Расс ухмыляется, и я ухмыляюсь тоже — в этом мире деньги не только шуршат, но и булькают. Думаю: сколько спирта могу унести из лаборатории Тория? Решаю, что полштофа смогу.
Спрашиваю:
— Когда его можно застать?
— А всегда! — отвечает Расс. — Он так на вахте и живет. Его дети из квартиры выгнали. Так он и устроился, пока домоуправша разрешает.
— Почему выгнали? — удивляюсь я. — Им жить негде?
Расс фыркает и смотрит так, словно я сказал величайшую чушь.
— Как же! Деньги им нужны. Квартиру можно задорого продать. И хорошо, что выселили, а не убили.
Сначала его слова озадачивают меня, и я просто стараюсь забыть об этом. И только много позже приходит понимание: оказывается, убить можно не только из мести или ради удовольствия. Мотив может быть и корыстным.
Это обжигает меня, как очередной глоток водки. Мир людей бывает не менее жесток, чем мир васпов. Возможно, Пола тоже убили из корысти? Да только что у него брать?
Пол жил не многим лучше Расса, разве что имел собственную ванную. Но мысль об убийстве из корысти отчего-то не дает мне покоя. Я чувствую, что здесь есть некая зацепка. И я решаю обязательно обдумать ее — когда буду трезвее.
Расс тем временем снова разливает водку по стаканам.
— За здоровье! — комментирует он и осушает махом.

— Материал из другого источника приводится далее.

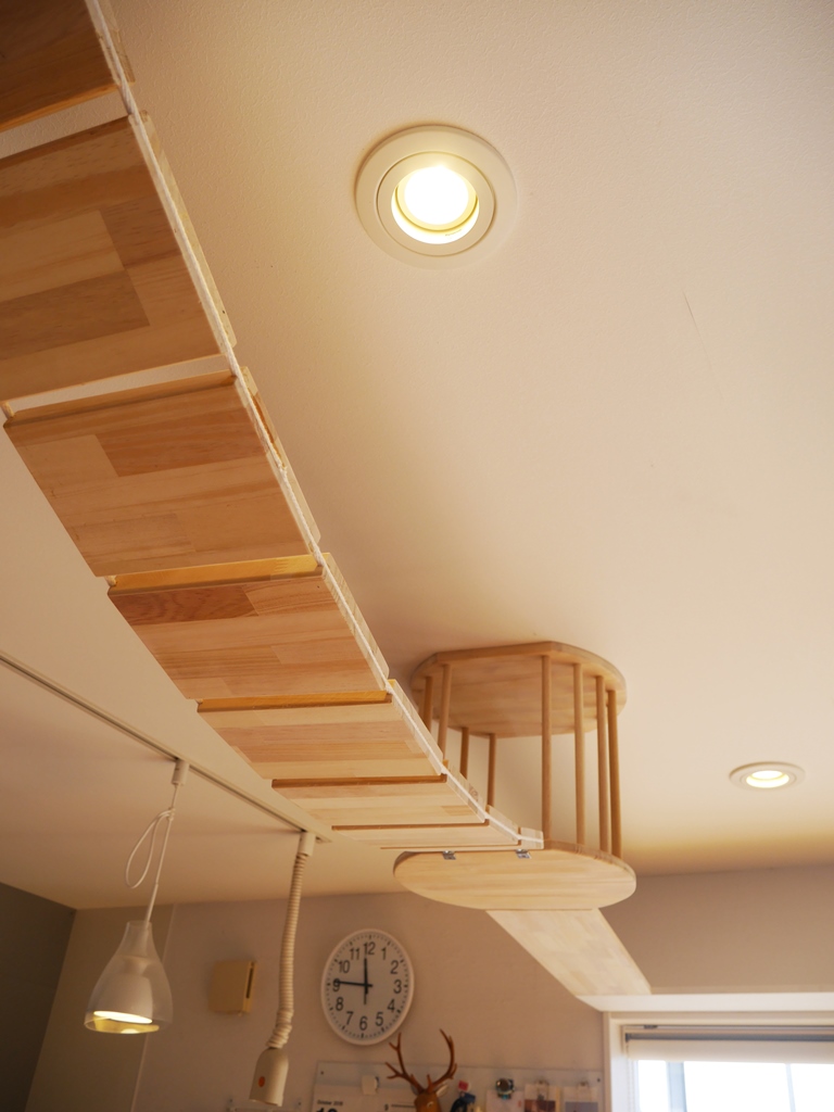 和室からリビングへ抜けるくぐり穴を設け、リビング全体を一周出来るよう部屋の中心に吊り橋を渡した。

Я следую его примеру. Когда пьешь — не слишком думаешь о еде. Кроме того, напряжение последних дней спадает, и пустота, стерегущая на краю сознания, исчезает ненадолго.

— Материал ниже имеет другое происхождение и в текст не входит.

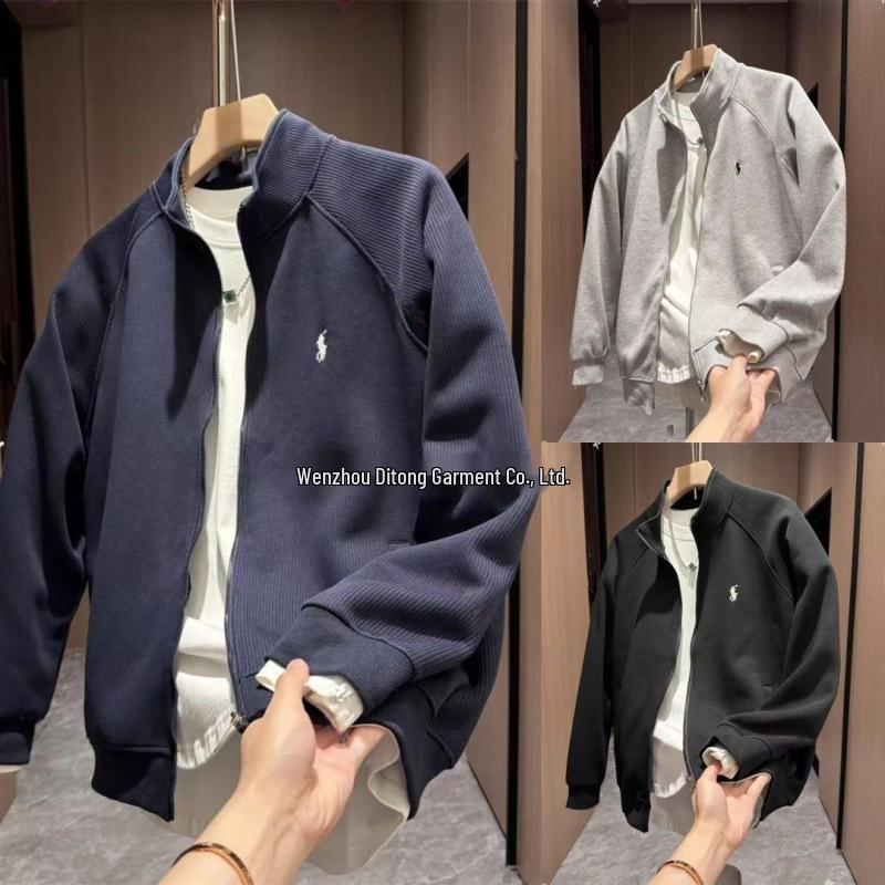 Herrhöstmode Ståkrage Jacka - Lätt Lyxig, Mångsidig, Snygg Enfärgad med Dragkedja

— Знаешь, что сказал Пол, когда мы виделись последний раз? — спрашивает Расс и отвечает себе сам:
— Что Переход — лучшее, что с ним случилось за всю жизнь. Да, не все идет гладко. Но у нас появилась возможность. Возможность выбора. Возможность самим распоряжаться судьбой.
— Возможность жить в подвале и работать дворником, — подхватываю я.
Дразнить медведя в его же берлоге — не лучшая затея. Но Расс не понимает моего сарказма. Он хлопает ладонью по столу и говорит:
— Пусть! — приподнимается с места, вытягивается во весь внушительный рост и скандирует — старательно, с выражением, на которое только способен васпа:
— Пусть за окошком гнилая сырость! Я не жалею и я не печален! Мне до того эта жизнь полюбилась, так полюбилась, как будто в начале!
Мне хочется смеяться. Комендант приграничного Улья, прилежно декламирующий стихи, — зрелище само по себе забавное. Но я не смеюсь. Знаю, сколько было приложено усилий, чтобы сломать барьер замкнутости, чтобы научиться открыто выражать свои мысли. Не боясь, что за это тебя поволокут на дыбу или до краев нашпигуют ядом.
— Я верю, скоро все изменится к лучшему, — продолжает Расс, глядя на меня сверху вниз, будто бросая вызов. — Надо только подождать. Перемены уже происходят. Слышал про «Открытые двери»?
Еще бы. Этот благотворительный фонд сразу взял под свое крыло заботу о беженцах и вынужденных переселенцах с Севера. Иронично, но васпы также попали под эту категорию. Еще более иронично, что основатель фонда — женщина.
— Миллер, — вспоминаю режущую слух фамилию.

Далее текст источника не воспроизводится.